Deep inside Waterville Senior High School, in a place dubbed "The Cage," Ian Wilson brings his team to a warm, sunny beach. The athletes lie down on the cool, hard cement. The white lights are dimmed.

Shhh ...

"What better place than the beach," Wilson says. "The breeze off the ocean, the crash of the surf on the shore. It's relaxing."

Wilson, the coach-turned-psychologist, instructs his athletes to focus. First on their toes, then their feet.

"You'd feel this warmth come over your body, and yet you were on a cold basement floor," remembers Troy Irvine, a 2001 Waterville Senior High School graduate and one of best athletes to ever come out of the track and field program.

"I remember feeling nothingness. Finally, you were floating on air. To this day I've never experienced anything like that before in my life.
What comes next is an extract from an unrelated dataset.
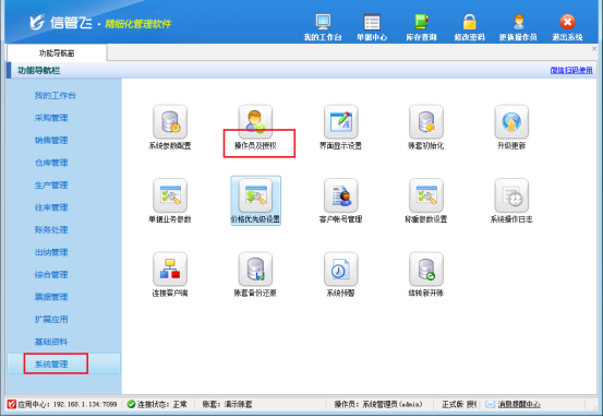功能導航窗點擊“系統(tǒng)管理”—》“操作員及授權”,進入操作員管理及授權界面,選擇操作員“張亞”,功能模塊權限下,找到“銷售查詢”下的“銷售單明細查詢”,把“打印”權限取消勾選,取消后保存權限,如圖:
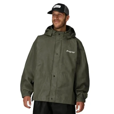 The Signature Bull Frogg Rain Jacket is designed with high-density fabric to provide increased puncture resistance making it perfect for the tough jobs Made with Frogg Toggs breathable, waterproof, wind-resistant, and lightweight material Jacket features an adjustable, tuck-away hood with E-Z Push cord locks and an open-waist design for greater versatility, performance and comfort The zippered front with snap-down storm flap keeps water out Zippered hand warmer pockets provide added comfort and storage.Raglan sleeves allow for superior range of motion

I loved The Cage."

Outside, on the track or soccer field, Wilson pushes his athletes to do more, to become better. He implores them to find that extra dab of energy, even when the proverbial tank is sucked dry. Wilson, the coach-turned-rabid animal, then hollers, barks out words of encouragement and hollers some more.

"He's yelling at you with good intentions," said former Waterville track star Lauren Tebbetts, who graduated in 2002 before competing at the University of New Hampshire.

"That's what pushed me the most. He's yelling for you, and only for you. It makes you feel special. He's very intense. His yelling can be seen as him being mean, but he pushes you to go faster. It's hard not to run faster when he's yelling at you, and you alone."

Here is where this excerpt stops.